╔══

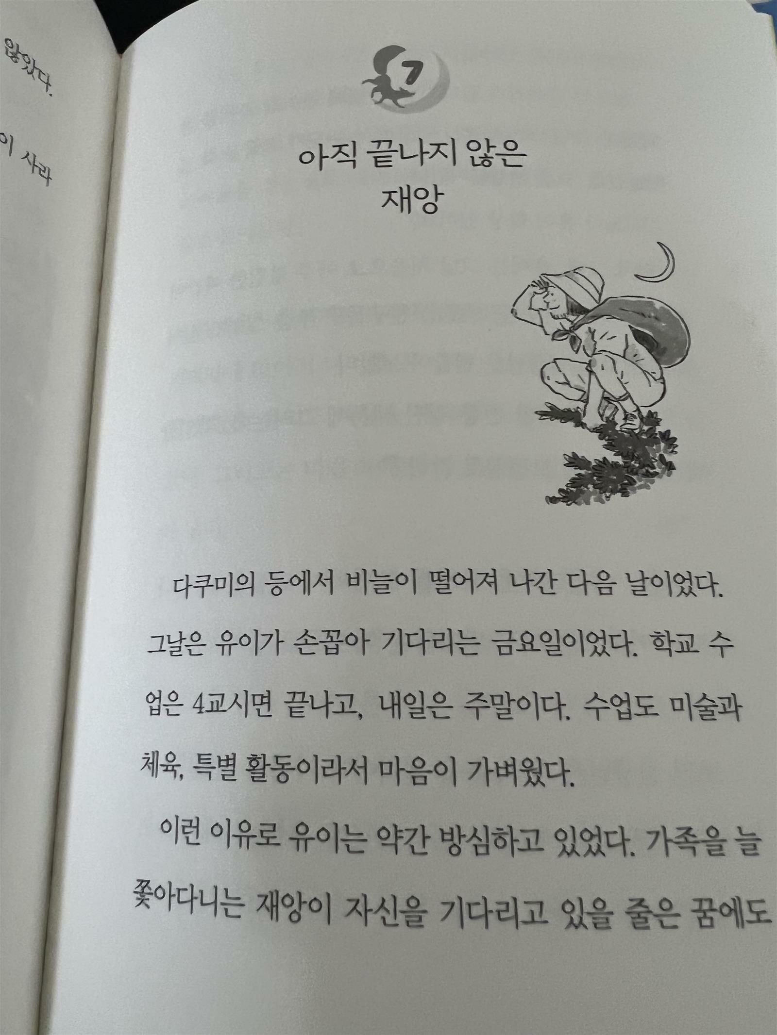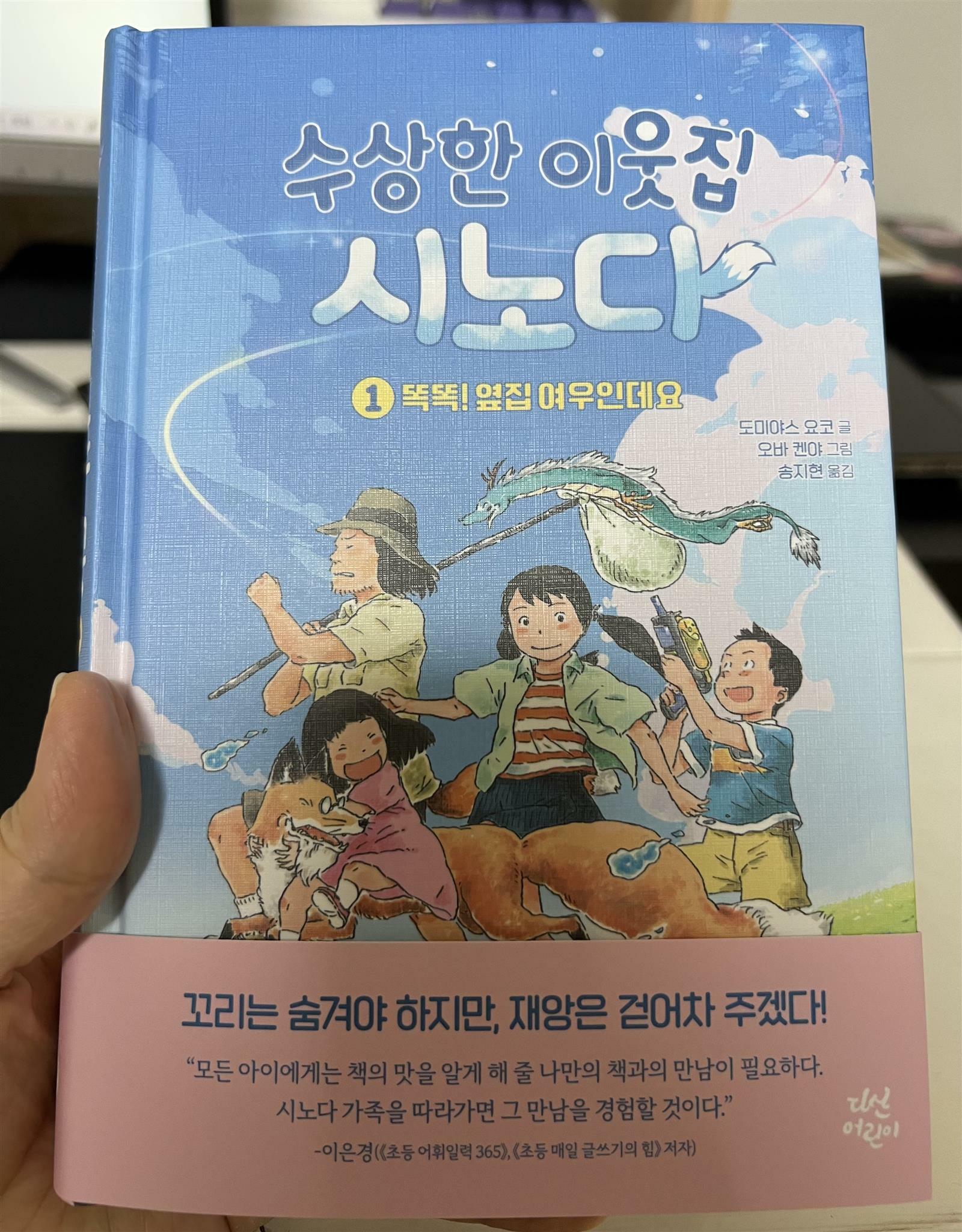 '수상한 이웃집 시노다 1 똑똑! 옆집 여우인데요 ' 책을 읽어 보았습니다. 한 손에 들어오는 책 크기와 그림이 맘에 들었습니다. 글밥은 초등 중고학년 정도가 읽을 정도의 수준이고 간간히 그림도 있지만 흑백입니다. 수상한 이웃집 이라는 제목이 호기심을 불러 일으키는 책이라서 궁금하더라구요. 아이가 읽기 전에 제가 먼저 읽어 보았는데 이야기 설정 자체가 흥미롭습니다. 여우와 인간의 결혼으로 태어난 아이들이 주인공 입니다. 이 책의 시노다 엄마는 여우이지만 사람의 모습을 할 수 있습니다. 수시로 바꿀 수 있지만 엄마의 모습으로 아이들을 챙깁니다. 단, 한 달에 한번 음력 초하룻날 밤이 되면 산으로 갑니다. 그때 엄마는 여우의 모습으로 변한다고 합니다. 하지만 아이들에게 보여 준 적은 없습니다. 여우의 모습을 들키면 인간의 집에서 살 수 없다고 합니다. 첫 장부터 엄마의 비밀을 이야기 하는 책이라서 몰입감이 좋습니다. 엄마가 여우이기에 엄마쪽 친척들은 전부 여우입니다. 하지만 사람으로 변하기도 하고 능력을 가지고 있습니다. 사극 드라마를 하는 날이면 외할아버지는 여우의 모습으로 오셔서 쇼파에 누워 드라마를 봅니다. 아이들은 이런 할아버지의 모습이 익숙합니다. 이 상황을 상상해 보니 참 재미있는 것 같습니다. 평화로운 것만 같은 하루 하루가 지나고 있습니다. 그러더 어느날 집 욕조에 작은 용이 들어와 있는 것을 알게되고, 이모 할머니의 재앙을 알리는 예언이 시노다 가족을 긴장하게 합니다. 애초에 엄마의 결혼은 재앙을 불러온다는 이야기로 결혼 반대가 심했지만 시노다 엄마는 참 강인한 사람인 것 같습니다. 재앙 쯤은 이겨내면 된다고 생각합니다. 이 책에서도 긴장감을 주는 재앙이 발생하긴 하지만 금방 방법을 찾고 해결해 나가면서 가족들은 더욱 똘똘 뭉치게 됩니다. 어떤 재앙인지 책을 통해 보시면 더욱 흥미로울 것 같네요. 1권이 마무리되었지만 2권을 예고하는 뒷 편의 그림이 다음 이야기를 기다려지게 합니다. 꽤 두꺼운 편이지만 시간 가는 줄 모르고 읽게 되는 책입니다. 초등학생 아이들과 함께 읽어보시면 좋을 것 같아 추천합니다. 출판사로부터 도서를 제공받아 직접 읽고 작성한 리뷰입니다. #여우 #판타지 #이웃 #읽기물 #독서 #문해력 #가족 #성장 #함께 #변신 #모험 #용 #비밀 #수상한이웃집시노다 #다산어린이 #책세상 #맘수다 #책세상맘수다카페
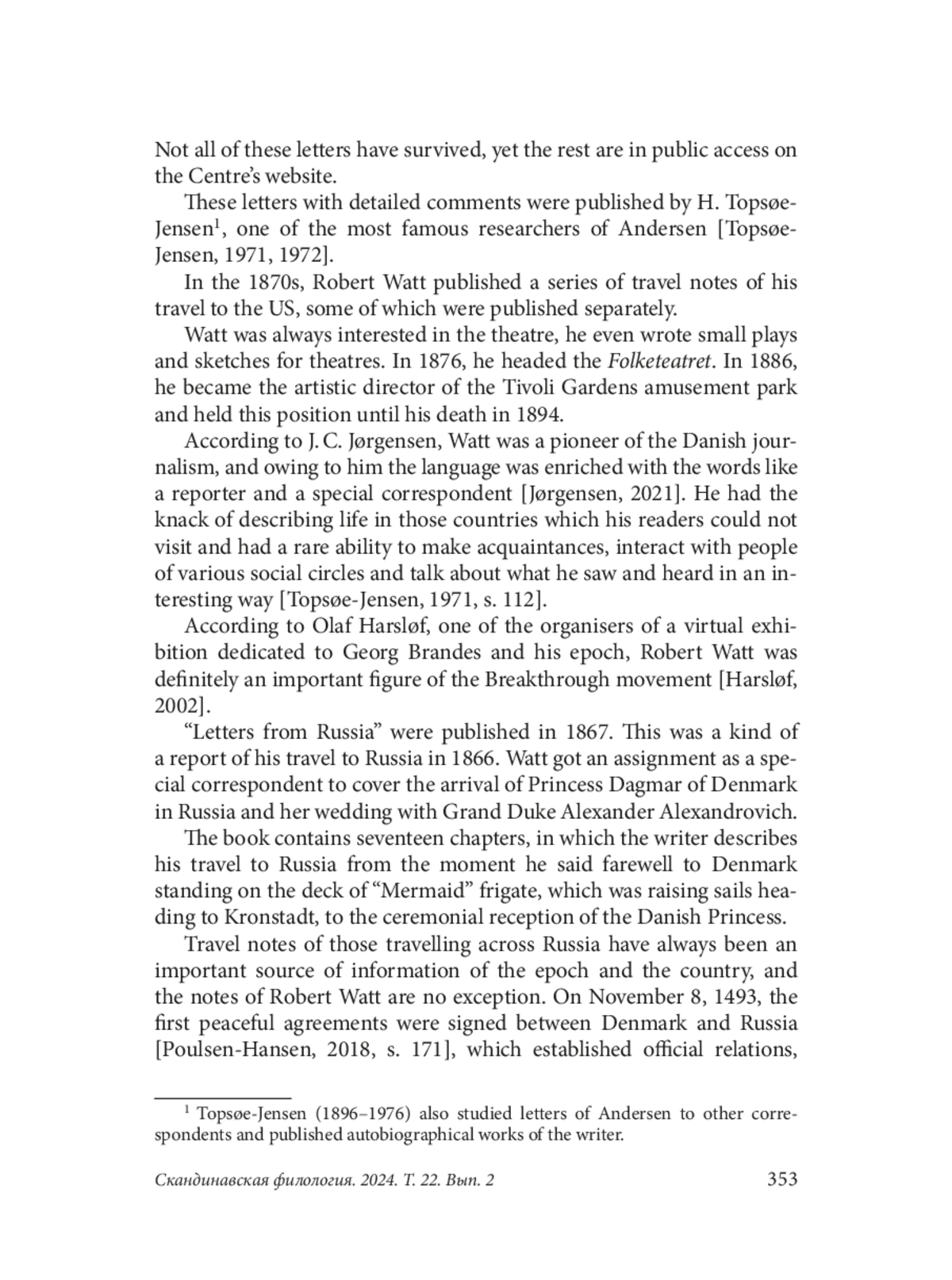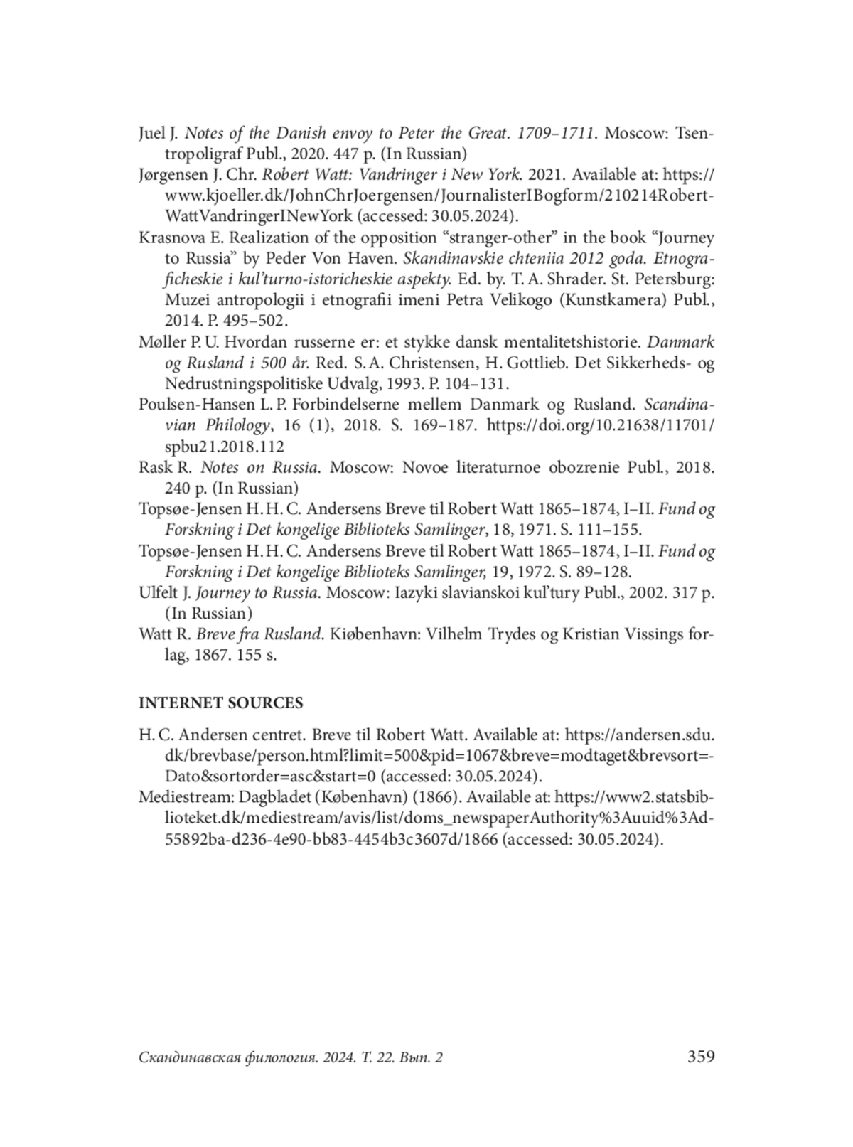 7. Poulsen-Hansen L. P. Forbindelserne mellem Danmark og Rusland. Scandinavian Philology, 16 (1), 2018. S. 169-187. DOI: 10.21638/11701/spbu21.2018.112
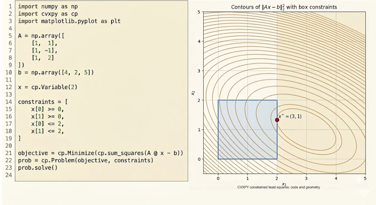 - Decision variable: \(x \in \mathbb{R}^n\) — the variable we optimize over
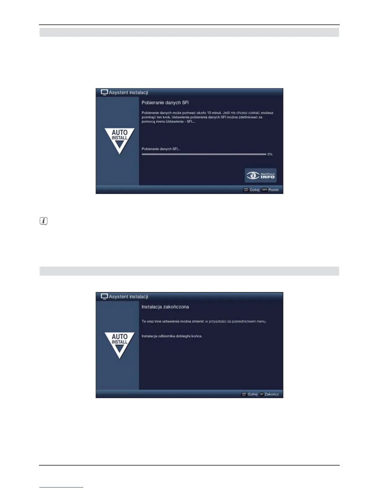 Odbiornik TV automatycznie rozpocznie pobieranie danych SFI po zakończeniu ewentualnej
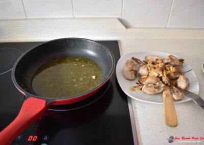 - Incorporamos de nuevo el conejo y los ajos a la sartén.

╚══

*WORK TO BE COMPLETED*: Only the lines from the one containing "7. Poulsen-Hansen L." through the end of the records should be copied, exactly and with both ends included; the pictures should not.

*SOLUTION TO THIS PROBLEM*:
 7. Poulsen-Hansen L. P. Forbindelserne mellem Danmark og Rusland. Scandinavian Philology, 16 (1), 2018. S. 169-187. DOI: 10.21638/11701/spbu21.2018.112
 - Decision variable: \(x \in \mathbb{R}^n\) — the variable we optimize over
 Odbiornik TV automatycznie rozpocznie pobieranie danych SFI po zakończeniu ewentualnej
 - Incorporamos de nuevo el conejo y los ajos a la sartén.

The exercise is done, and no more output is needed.